30 131
Nieuwe regels betreffende maatschappelijke ondersteuning (Wet maatschappelijke ondersteuning)

nr. 18
AMENDEMENT VAN HET LID VAN DER VLIES

Ontvangen 6 september 2005

De ondergetekende stelt het volgende amendement voor:

I

In het vierde lid van artikel 3 wordt, onder verlettering van de leden c tot en met e tot d tot en met f, een nieuw lid ingevoegd, luidende:

c. hoe naadloze aansluiting op andere terreinen van zorg is gewaarborgd en op welke wijze zorg is gedragen voor uniforme, samenhangende toegankelijkheid;.

Toelichting:

Onderdeel b van het vierde lid van artikel 3 draagt gemeenten op in het gemeentelijk plan in ieder geval aan te geven hoe het samenhangende beleid betreffende de maatschappelijke ondersteuning zal worden uitgevoerd.

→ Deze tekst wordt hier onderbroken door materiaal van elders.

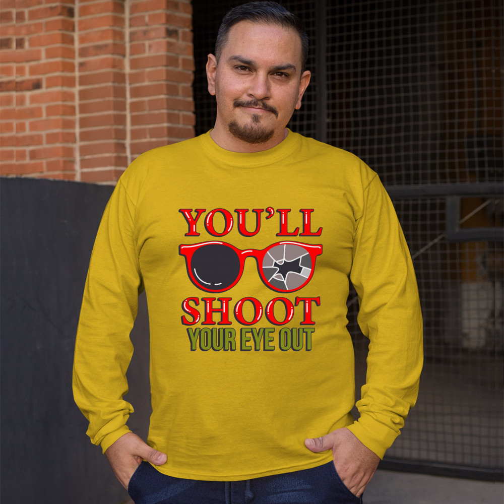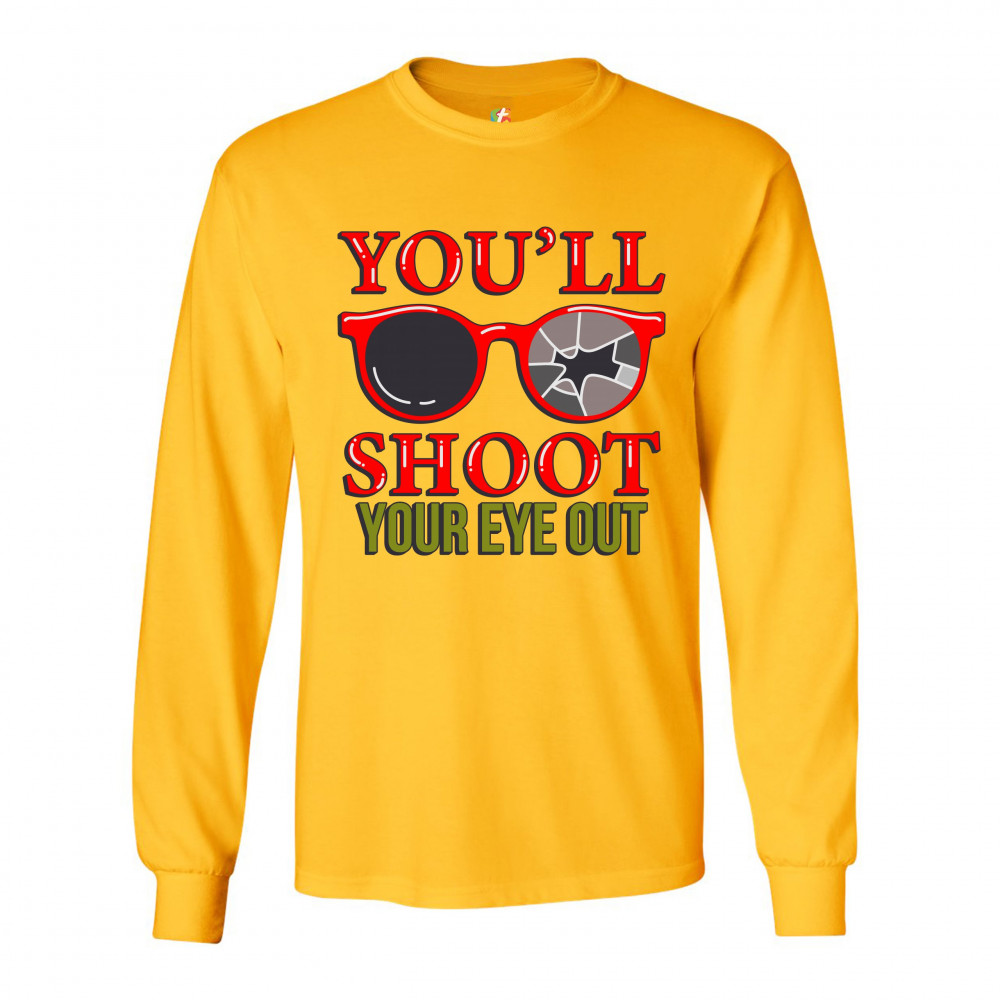 YOU'LL SHOOT YOUR EYE OUT long sleeve t-shirt funny christmas saying xmas yellow

Dit onderdeel lijkt vooral gericht op de onderlinge samenhang tussen de deelgebieden die volgens artikel 1 vallen onder maatschappelijke ondersteuning.

Uit het wetsartikel blijkt onvoldoende dat in het gemeentelijk plan ook de aandacht uit moet gaan naar een heldere afbakening met andere terreinen van zorg, zoals de voorzieningen op grond van de AWBZ, de Zorgverzekeringswet of de Wet op de jeugdzorg. Het is belangrijk dat iedere inwoner van de gemeente uit het gemeentelijk plan kan opmaken hoe en wanneer hij recht heeft op een bepaalde voorziening en op grond van welke wet. Ook wordt op deze manier gewaarborgd dat er geen ontbrekende schakels zijn tussen enerzijds de WMO en anderzijds de diverse zorgwetten.

Dit amendement beoogt tevens de «één-loketgedachte» wettelijk te verankeren. Elke gemeente moet in het plan aangeven waar men terecht kan voor de indicatiestelling op grond van de diverse wetten. De nadruk ligt op uniformiteit en samenhang. Het is de vrijheid van de gemeente of men deze samenhang waarborgt door letterlijk een loket in te stellen of hetzelfde doel bereikt door bijvoorbeeld huisbezoeken.